Temos afirmado que a escola vem sendo transformada e que os melhores exemplos de sua
transformação são as experiências cujos Itinerários Pedagógicos encaram a realidade local
como foco das tematizações e que transitam entre a escola e seu entorno (seu contexto) para
permitir que outros novos conhecimentos sejam viabilizados a partir da escola, num
movimento que tem, em alguns lugares, este itinerário definido pelos esquemas “ver-julgar-
agir” ou “ação-reflexão-ação”, etc. Boa parte deste movimento se ampara naquilo que Paulo
Freire propôs, particularmente no capítulo 3 de Pedagogia do Oprimido, como pesquisas
dialógicas de “universos temáticos”, visando à detecção das “situações-limites” e a
constituição dos “temas geradores” (FREIRE, 1987).
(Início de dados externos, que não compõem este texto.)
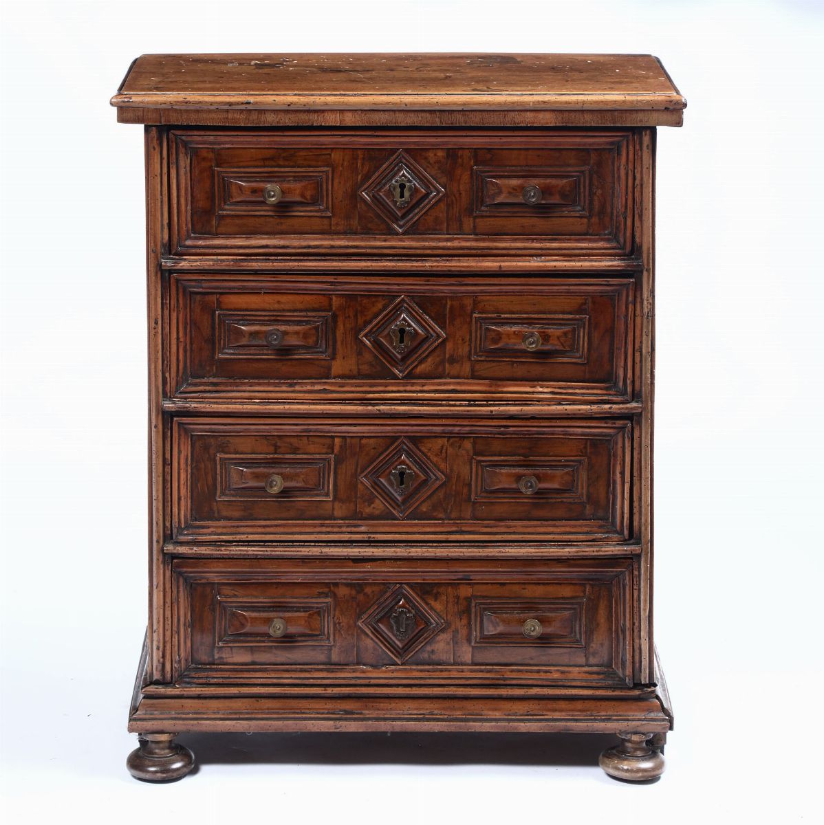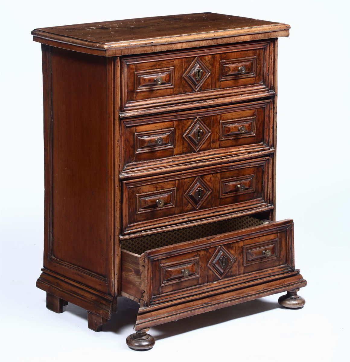 Comodino in legno a quattro cassetti, XVIII secolo

A educação contextualizada anda nesta direção para fazer com que os processos escolares
pisem o chão. Toquem-no e se disponham a transformá-lo. Pode ser isto! E pode ser muito
mais do que isto! As opções são tantas e elas permanecem sempre em aberto! De qualquer
modo, no nosso caso, um dos modos de contextualizar a educação é submetê-la à
problemática do Semi-Árido Brasileiro (SAB) para construir formas de “convivência com o
Semi-Árido”, ou seja, formas de produção da existência que sejam economicamente viáveis,
socialmente equitativas e ecologicamente equilibradas, já que nosso esforço em ampliar as
oportunidades de educação das pessoas nutre-se da esperança de que esta educação
transforme para melhor suas vidas e o meio em que vivem.
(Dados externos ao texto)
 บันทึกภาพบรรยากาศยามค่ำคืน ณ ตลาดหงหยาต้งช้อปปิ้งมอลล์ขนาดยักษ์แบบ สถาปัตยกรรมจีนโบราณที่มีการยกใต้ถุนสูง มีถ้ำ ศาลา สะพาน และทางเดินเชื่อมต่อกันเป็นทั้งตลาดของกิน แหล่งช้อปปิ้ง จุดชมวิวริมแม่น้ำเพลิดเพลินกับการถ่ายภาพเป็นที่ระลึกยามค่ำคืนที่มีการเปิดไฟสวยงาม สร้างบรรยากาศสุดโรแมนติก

A questão aqui é ter a capacidade de antecipar a mudança e de definir pelo menos parte de
seus rumos – já que há sempre uma zona de incerteza, um corpo sem órgão a produzir outras
direções. A questão aqui é não ficar à mercê das formas de nomeação que nos forçam a nos
tratarmos a nós mesmos como Outros. Neste sentido a educação contextualizada deveria
saber tirar proveito da diversidade e da contemporaneidade para pensar saídas muito mais
criativas para a produção da vida, cujos materiais se encontram no próprio cotidiano onde
estão os sujeitos dos processos que animamos. Deveríamos nos qualificar mais e melhor para
gestar novos contextos de vida, com mais diversidade, com mais alegria e arte! Inventar
saídas criativas com os materiais que o mundo oferece, em cada lugar. A educação
contextualizada deveria, portanto, ser este espaço de preparação para “cavucar” o chão e
“tirar leite de pedra” no melhor dos estilos. Para andar na frente!